However, there are still some problems with the current classification and recognition technology for white blood cells. Traditional image processing methods often require manual design of features and rules, and it is difficult to accurately classify white blood cells of different scales and shapes. At the same time, traditional deep learning models often have problems with slow detection speed, low accuracy and poor generalization ability in white blood cell classification tasks. Therefore, it is necessary to develop a new white blood cell classification technology to improve the accuracy and efficiency of classification.

YOLOv7 is a deep learning model for object detection, which has many advantages over other networks. First, YOLOv7 has faster detection speed and higher accuracy. It uses a new detection method, which can greatly improve the detection speed without losing accuracy, which is of great significance for large-scale white blood cell classification.

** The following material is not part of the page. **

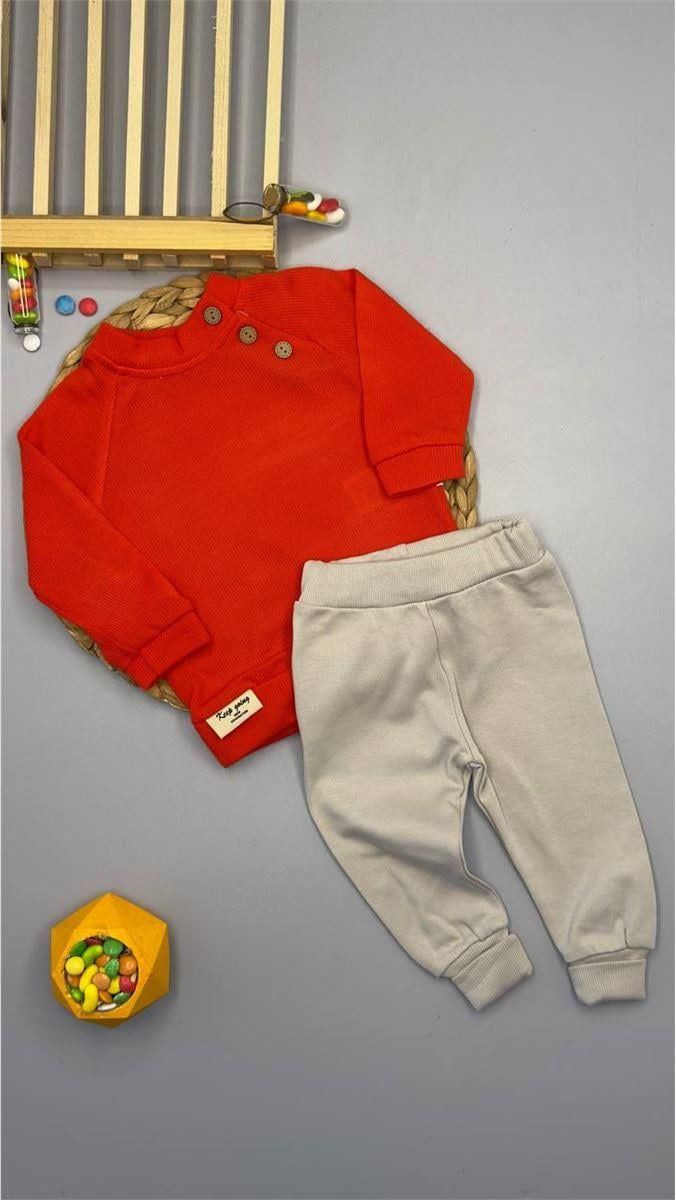 2252 Düğme Detaylı Erkek Takım KIRMIZI

Secondly, YOLOv7 has better generalization ability and can adapt to white blood cells of different scales and shapes, thereby improving the accuracy and robustness of classification. In addition, YOLOv7 also has better scalability and flexibility, and can be easily applied to different white blood cell classification tasks.

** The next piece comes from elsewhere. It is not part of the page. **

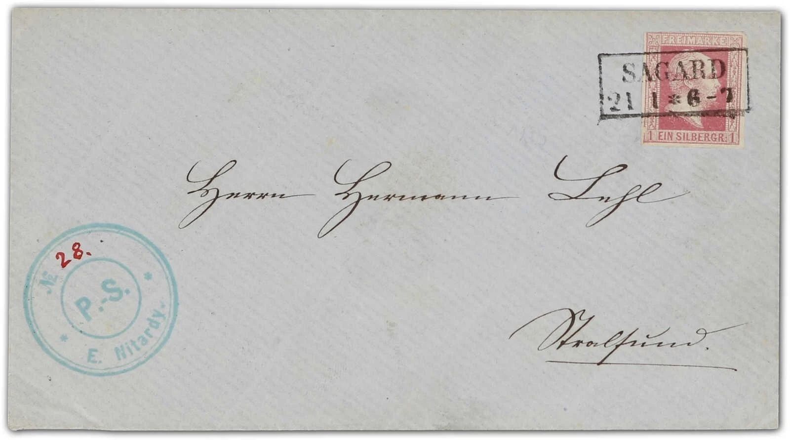 Dreiseitig vollrandig auf sauberem Brief mit Ra2 "SAGARD 21 1", links oben etwas berührt, rückseitig intaktes rotes Lacksiegel, auf Brief noch unbekannt und im Michel Spezial nur als gestempelt gelistet, ME für gestempelt bereits 750€. Sehr gute Qualität

Based on the above background technology, we proposed a patented technology for white blood cell classification based on YOLOv7. This technology uses the fast detection and high accuracy of YOLOv7, combined with the advantages of deep learning, to achieve fast and accurate classification of white blood cells of different scales and shapes. At the same time, this technology also has good generalization ability and flexibility, and can adapt to different white blood cell classification tasks. Through this technology, the accuracy and efficiency of white blood cell classification can be effectively improved, providing better support for clinical diagnosis and treatment.

Summary of the invention

1. Technical issues to be solved

In view of the shortcomings of the prior art, the present invention provides a white blood cell classification method based on an improved YOLOv7, which solves the problems of complex background, unbalanced data, and large similarity between classes of white blood cell images, reduces the number of parameters of the YOLOv7 network model, and improves the classification accuracy, which will provide objective and effective reference opinions in medical pathology diagnosis.

(II) Technical solution

In order to achieve the above-mentioned purpose, the present invention specifically adopts the following technical solutions:

A white blood cell classification method based on improved YOLOv7, comprising the following steps:

S1. Collect multiple public white blood cell datasets and perform data enhancement and denoising operations on the datasets. Data enhancement uses rotation of 90°, 180°, 270° and flipping methods to increase the number of white blood cell images in the dataset to five times the original number. Noise reduction uses a combination of nonlinear filtering methods, median filtering and bilateral filtering, which can better protect image edge information while suppressing image noise.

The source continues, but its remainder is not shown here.